● Data to examine:
******

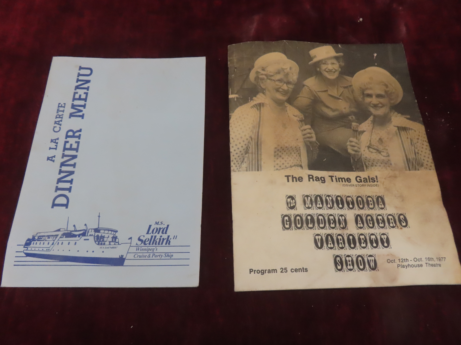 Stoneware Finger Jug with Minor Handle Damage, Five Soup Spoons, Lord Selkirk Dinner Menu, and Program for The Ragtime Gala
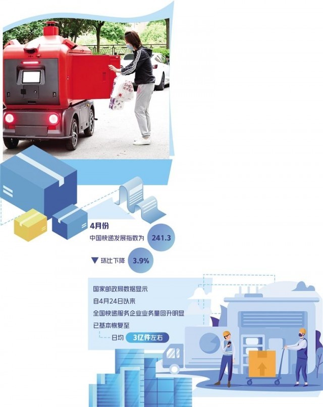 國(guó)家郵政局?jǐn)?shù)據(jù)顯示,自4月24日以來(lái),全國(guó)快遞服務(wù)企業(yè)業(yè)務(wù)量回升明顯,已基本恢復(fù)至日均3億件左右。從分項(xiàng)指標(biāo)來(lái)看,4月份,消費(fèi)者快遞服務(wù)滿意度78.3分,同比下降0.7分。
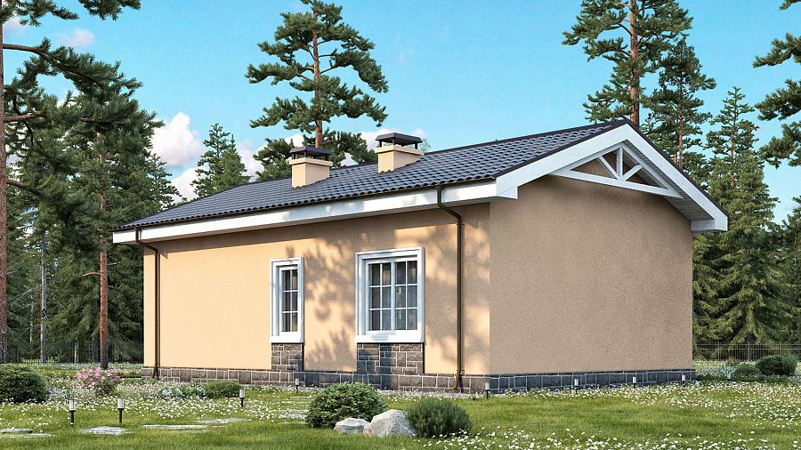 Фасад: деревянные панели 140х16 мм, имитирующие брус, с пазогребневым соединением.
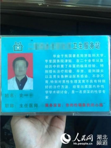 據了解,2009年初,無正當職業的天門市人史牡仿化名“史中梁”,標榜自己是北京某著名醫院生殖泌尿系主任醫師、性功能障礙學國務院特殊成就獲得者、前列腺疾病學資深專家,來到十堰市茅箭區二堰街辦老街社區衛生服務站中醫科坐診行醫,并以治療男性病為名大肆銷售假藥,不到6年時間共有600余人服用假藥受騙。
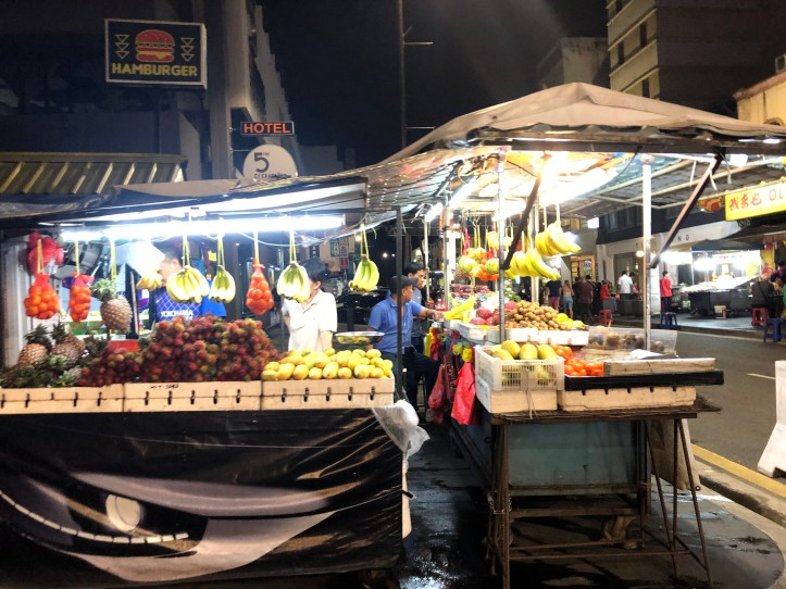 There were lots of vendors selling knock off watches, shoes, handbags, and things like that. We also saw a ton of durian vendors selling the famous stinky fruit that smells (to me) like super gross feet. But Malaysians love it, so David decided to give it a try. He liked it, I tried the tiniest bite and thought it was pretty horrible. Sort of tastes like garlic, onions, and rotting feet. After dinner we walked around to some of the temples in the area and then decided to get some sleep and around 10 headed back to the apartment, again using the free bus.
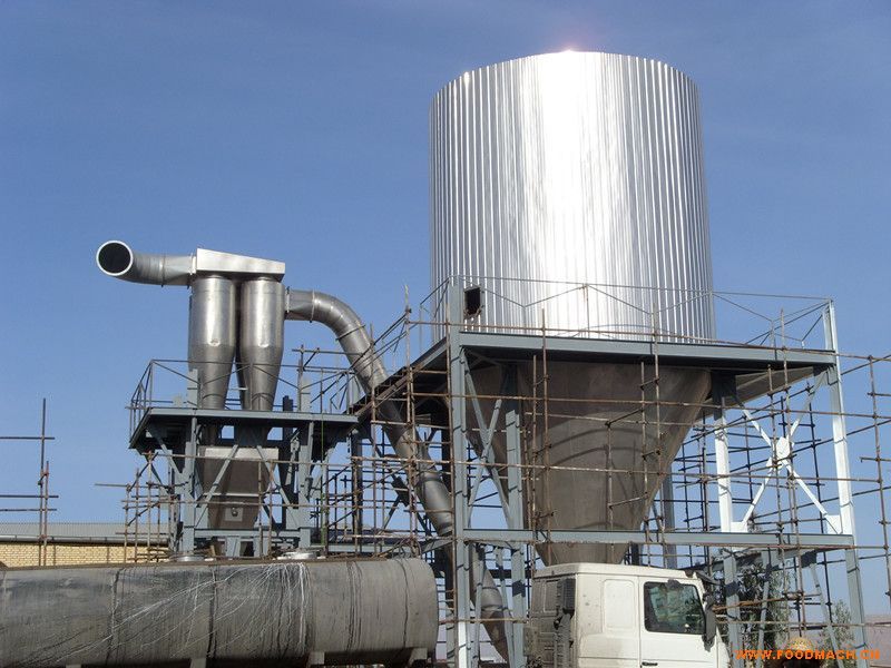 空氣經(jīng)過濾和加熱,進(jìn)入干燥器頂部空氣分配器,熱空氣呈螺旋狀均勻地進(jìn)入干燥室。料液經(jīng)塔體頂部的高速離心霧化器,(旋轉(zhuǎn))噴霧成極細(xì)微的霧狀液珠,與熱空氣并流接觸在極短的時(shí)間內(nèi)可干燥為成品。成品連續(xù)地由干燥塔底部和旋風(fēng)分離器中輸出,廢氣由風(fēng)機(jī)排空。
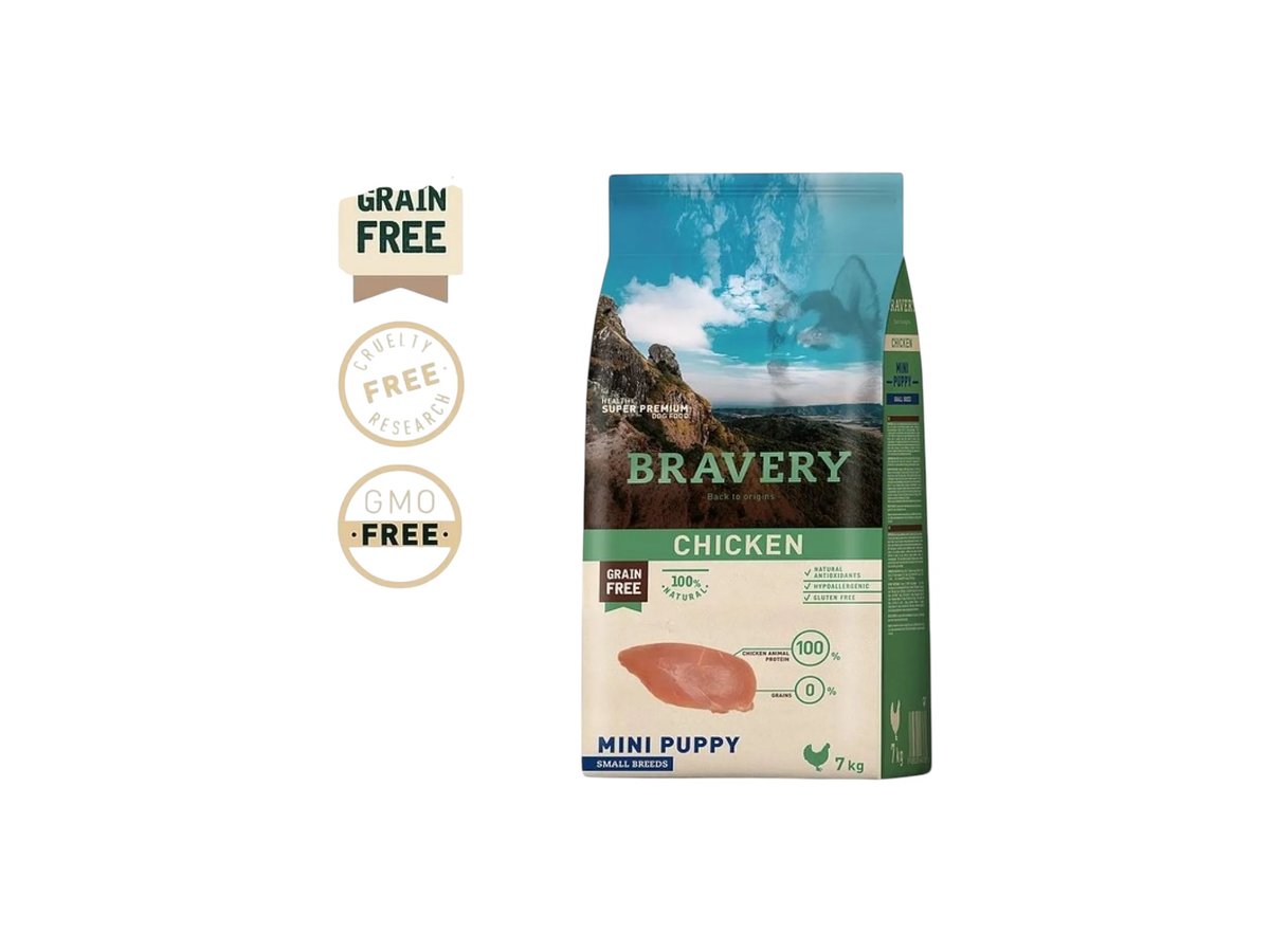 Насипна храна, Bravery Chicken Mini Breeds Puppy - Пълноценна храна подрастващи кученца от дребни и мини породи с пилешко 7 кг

******

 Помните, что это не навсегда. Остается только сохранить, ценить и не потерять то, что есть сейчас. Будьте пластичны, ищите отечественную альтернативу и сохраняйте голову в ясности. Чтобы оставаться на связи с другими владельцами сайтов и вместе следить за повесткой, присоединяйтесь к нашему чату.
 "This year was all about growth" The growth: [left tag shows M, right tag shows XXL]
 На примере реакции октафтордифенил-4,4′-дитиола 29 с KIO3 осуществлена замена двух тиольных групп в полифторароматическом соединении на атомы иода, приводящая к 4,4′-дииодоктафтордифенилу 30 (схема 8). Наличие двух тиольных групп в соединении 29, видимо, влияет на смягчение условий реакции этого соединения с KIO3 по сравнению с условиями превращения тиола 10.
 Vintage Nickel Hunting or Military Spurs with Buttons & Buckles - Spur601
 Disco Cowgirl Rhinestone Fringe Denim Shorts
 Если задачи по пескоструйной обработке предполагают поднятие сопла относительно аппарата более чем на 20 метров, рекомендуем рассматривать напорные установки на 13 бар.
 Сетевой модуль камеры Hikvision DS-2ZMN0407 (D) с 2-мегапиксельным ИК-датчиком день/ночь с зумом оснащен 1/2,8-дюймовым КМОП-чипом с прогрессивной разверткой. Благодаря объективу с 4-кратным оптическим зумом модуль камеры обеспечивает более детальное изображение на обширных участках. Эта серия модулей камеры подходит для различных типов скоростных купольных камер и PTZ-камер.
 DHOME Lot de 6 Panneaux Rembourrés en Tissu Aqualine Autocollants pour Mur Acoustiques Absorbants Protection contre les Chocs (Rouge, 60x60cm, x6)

******

● Task goal: Each line in the listing above from the one containing "Сетевой модуль камеры" through the one containing "DHOME Lot de" should be repeated exactly, and no other line.

● Output of the exercise:
 Сетевой модуль камеры Hikvision DS-2ZMN0407 (D) с 2-мегапиксельным ИК-датчиком день/ночь с зумом оснащен 1/2,8-дюймовым КМОП-чипом с прогрессивной разверткой. Благодаря объективу с 4-кратным оптическим зумом модуль камеры обеспечивает более детальное изображение на обширных участках. Эта серия модулей камеры подходит для различных типов скоростных купольных камер и PTZ-камер.
 DHOME Lot de 6 Panneaux Rembourrés en Tissu Aqualine Autocollants pour Mur Acoustiques Absorbants Protection contre les Chocs (Rouge, 60x60cm, x6)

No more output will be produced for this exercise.